Stored data entries
################

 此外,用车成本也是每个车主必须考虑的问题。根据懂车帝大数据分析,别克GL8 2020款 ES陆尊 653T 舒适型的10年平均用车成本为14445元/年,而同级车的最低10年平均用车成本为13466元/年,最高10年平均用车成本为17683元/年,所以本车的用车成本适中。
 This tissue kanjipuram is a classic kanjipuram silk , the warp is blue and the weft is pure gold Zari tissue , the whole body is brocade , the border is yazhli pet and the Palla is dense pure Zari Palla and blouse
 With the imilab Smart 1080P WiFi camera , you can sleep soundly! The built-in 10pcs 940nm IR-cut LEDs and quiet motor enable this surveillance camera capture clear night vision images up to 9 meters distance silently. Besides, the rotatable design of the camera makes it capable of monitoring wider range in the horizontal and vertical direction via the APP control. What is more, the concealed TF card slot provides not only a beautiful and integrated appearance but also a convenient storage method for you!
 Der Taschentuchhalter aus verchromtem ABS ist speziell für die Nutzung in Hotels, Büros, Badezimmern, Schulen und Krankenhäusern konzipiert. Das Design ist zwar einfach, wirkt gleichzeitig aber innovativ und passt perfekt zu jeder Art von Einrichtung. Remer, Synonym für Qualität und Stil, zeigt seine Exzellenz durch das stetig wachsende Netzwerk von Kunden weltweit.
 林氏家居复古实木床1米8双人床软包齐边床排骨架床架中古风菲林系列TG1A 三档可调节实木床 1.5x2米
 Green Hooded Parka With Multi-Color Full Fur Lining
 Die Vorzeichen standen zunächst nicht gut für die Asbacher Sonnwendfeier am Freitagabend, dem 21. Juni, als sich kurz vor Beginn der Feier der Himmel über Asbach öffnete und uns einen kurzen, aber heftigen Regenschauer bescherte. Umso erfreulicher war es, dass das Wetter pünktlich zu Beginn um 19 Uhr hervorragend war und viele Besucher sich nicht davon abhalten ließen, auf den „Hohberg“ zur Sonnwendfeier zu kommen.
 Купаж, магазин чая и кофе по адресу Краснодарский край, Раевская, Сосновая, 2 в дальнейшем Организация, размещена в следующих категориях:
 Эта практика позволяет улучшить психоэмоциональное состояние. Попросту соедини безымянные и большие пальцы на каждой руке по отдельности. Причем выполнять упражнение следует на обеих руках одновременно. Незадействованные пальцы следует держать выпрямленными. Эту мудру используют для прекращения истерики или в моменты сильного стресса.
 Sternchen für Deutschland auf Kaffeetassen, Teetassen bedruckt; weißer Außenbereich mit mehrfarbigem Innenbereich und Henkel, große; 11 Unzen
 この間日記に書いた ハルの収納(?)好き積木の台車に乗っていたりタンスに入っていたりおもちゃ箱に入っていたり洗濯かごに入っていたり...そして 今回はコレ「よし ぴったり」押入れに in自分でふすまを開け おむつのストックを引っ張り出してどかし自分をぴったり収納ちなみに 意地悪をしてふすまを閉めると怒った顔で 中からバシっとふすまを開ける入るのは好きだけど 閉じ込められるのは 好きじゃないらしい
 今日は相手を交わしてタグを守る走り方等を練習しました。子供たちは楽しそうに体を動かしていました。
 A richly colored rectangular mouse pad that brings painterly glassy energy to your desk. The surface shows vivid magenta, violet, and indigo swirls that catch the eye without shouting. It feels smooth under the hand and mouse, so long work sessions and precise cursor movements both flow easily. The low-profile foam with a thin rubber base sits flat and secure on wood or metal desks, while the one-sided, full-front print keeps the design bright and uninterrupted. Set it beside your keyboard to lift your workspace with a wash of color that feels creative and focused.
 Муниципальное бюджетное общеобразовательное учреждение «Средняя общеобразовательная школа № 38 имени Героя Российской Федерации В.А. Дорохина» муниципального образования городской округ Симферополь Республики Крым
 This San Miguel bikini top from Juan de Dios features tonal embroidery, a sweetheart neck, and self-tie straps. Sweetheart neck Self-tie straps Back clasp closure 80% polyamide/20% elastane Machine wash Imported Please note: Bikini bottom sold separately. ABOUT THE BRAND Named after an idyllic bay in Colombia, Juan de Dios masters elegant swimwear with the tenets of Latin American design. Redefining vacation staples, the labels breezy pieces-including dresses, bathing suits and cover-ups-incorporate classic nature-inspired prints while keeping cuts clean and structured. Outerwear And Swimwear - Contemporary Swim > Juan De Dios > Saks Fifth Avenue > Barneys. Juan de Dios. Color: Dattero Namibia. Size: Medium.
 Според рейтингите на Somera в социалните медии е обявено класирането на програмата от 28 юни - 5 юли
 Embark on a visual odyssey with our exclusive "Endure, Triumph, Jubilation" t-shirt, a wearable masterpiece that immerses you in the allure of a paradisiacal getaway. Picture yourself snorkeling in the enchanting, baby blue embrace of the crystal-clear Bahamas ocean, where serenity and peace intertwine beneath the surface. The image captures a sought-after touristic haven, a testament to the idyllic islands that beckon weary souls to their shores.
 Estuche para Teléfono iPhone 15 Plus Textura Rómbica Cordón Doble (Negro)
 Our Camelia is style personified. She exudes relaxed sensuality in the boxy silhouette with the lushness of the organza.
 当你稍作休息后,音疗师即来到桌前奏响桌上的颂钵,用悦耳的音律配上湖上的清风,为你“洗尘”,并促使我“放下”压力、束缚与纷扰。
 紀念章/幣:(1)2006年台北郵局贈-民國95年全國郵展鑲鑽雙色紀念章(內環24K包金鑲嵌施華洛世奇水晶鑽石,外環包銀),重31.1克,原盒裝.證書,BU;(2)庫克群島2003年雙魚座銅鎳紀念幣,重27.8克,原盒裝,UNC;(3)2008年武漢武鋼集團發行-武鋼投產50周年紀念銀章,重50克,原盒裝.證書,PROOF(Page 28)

################

Copy out the entries above without altering a single character.

Solution for this task →
 此外,用车成本也是每个车主必须考虑的问题。根据懂车帝大数据分析,别克GL8 2020款 ES陆尊 653T 舒适型的10年平均用车成本为14445元/年,而同级车的最低10年平均用车成本为13466元/年,最高10年平均用车成本为17683元/年,所以本车的用车成本适中。
 This tissue kanjipuram is a classic kanjipuram silk , the warp is blue and the weft is pure gold Zari tissue , the whole body is brocade , the border is yazhli pet and the Palla is dense pure Zari Palla and blouse
 With the imilab Smart 1080P WiFi camera , you can sleep soundly! The built-in 10pcs 940nm IR-cut LEDs and quiet motor enable this surveillance camera capture clear night vision images up to 9 meters distance silently. Besides, the rotatable design of the camera makes it capable of monitoring wider range in the horizontal and vertical direction via the APP control. What is more, the concealed TF card slot provides not only a beautiful and integrated appearance but also a convenient storage method for you!
 Der Taschentuchhalter aus verchromtem ABS ist speziell für die Nutzung in Hotels, Büros, Badezimmern, Schulen und Krankenhäusern konzipiert. Das Design ist zwar einfach, wirkt gleichzeitig aber innovativ und passt perfekt zu jeder Art von Einrichtung. Remer, Synonym für Qualität und Stil, zeigt seine Exzellenz durch das stetig wachsende Netzwerk von Kunden weltweit.
 林氏家居复古实木床1米8双人床软包齐边床排骨架床架中古风菲林系列TG1A 三档可调节实木床 1.5x2米
 Green Hooded Parka With Multi-Color Full Fur Lining
 Die Vorzeichen standen zunächst nicht gut für die Asbacher Sonnwendfeier am Freitagabend, dem 21. Juni, als sich kurz vor Beginn der Feier der Himmel über Asbach öffnete und uns einen kurzen, aber heftigen Regenschauer bescherte. Umso erfreulicher war es, dass das Wetter pünktlich zu Beginn um 19 Uhr hervorragend war und viele Besucher sich nicht davon abhalten ließen, auf den „Hohberg“ zur Sonnwendfeier zu kommen.
 Купаж, магазин чая и кофе по адресу Краснодарский край, Раевская, Сосновая, 2 в дальнейшем Организация, размещена в следующих категориях:
 Эта практика позволяет улучшить психоэмоциональное состояние. Попросту соедини безымянные и большие пальцы на каждой руке по отдельности. Причем выполнять упражнение следует на обеих руках одновременно. Незадействованные пальцы следует держать выпрямленными. Эту мудру используют для прекращения истерики или в моменты сильного стресса.
 Sternchen für Deutschland auf Kaffeetassen, Teetassen bedruckt; weißer Außenbereich mit mehrfarbigem Innenbereich und Henkel, große; 11 Unzen
 この間日記に書いた ハルの収納(?)好き積木の台車に乗っていたりタンスに入っていたりおもちゃ箱に入っていたり洗濯かごに入っていたり...そして 今回はコレ「よし ぴったり」押入れに in自分でふすまを開け おむつのストックを引っ張り出してどかし自分をぴったり収納ちなみに 意地悪をしてふすまを閉めると怒った顔で 中からバシっとふすまを開ける入るのは好きだけど 閉じ込められるのは 好きじゃないらしい
 今日は相手を交わしてタグを守る走り方等を練習しました。子供たちは楽しそうに体を動かしていました。
 A richly colored rectangular mouse pad that brings painterly glassy energy to your desk. The surface shows vivid magenta, violet, and indigo swirls that catch the eye without shouting. It feels smooth under the hand and mouse, so long work sessions and precise cursor movements both flow easily. The low-profile foam with a thin rubber base sits flat and secure on wood or metal desks, while the one-sided, full-front print keeps the design bright and uninterrupted. Set it beside your keyboard to lift your workspace with a wash of color that feels creative and focused.
 Муниципальное бюджетное общеобразовательное учреждение «Средняя общеобразовательная школа № 38 имени Героя Российской Федерации В.А. Дорохина» муниципального образования городской округ Симферополь Республики Крым
 This San Miguel bikini top from Juan de Dios features tonal embroidery, a sweetheart neck, and self-tie straps. Sweetheart neck Self-tie straps Back clasp closure 80% polyamide/20% elastane Machine wash Imported Please note: Bikini bottom sold separately. ABOUT THE BRAND Named after an idyllic bay in Colombia, Juan de Dios masters elegant swimwear with the tenets of Latin American design. Redefining vacation staples, the labels breezy pieces-including dresses, bathing suits and cover-ups-incorporate classic nature-inspired prints while keeping cuts clean and structured. Outerwear And Swimwear - Contemporary Swim > Juan De Dios > Saks Fifth Avenue > Barneys. Juan de Dios. Color: Dattero Namibia. Size: Medium.
 Според рейтингите на Somera в социалните медии е обявено класирането на програмата от 28 юни - 5 юли
 Embark on a visual odyssey with our exclusive "Endure, Triumph, Jubilation" t-shirt, a wearable masterpiece that immerses you in the allure of a paradisiacal getaway. Picture yourself snorkeling in the enchanting, baby blue embrace of the crystal-clear Bahamas ocean, where serenity and peace intertwine beneath the surface. The image captures a sought-after touristic haven, a testament to the idyllic islands that beckon weary souls to their shores.
 Estuche para Teléfono iPhone 15 Plus Textura Rómbica Cordón Doble (Negro)
 Our Camelia is style personified. She exudes relaxed sensuality in the boxy silhouette with the lushness of the organza.
 当你稍作休息后,音疗师即来到桌前奏响桌上的颂钵,用悦耳的音律配上湖上的清风,为你“洗尘”,并促使我“放下”压力、束缚与纷扰。
 紀念章/幣:(1)2006年台北郵局贈-民國95年全國郵展鑲鑽雙色紀念章(內環24K包金鑲嵌施華洛世奇水晶鑽石,外環包銀),重31.1克,原盒裝.證書,BU;(2)庫克群島2003年雙魚座銅鎳紀念幣,重27.8克,原盒裝,UNC;(3)2008年武漢武鋼集團發行-武鋼投產50周年紀念銀章,重50克,原盒裝.證書,PROOF(Page 28)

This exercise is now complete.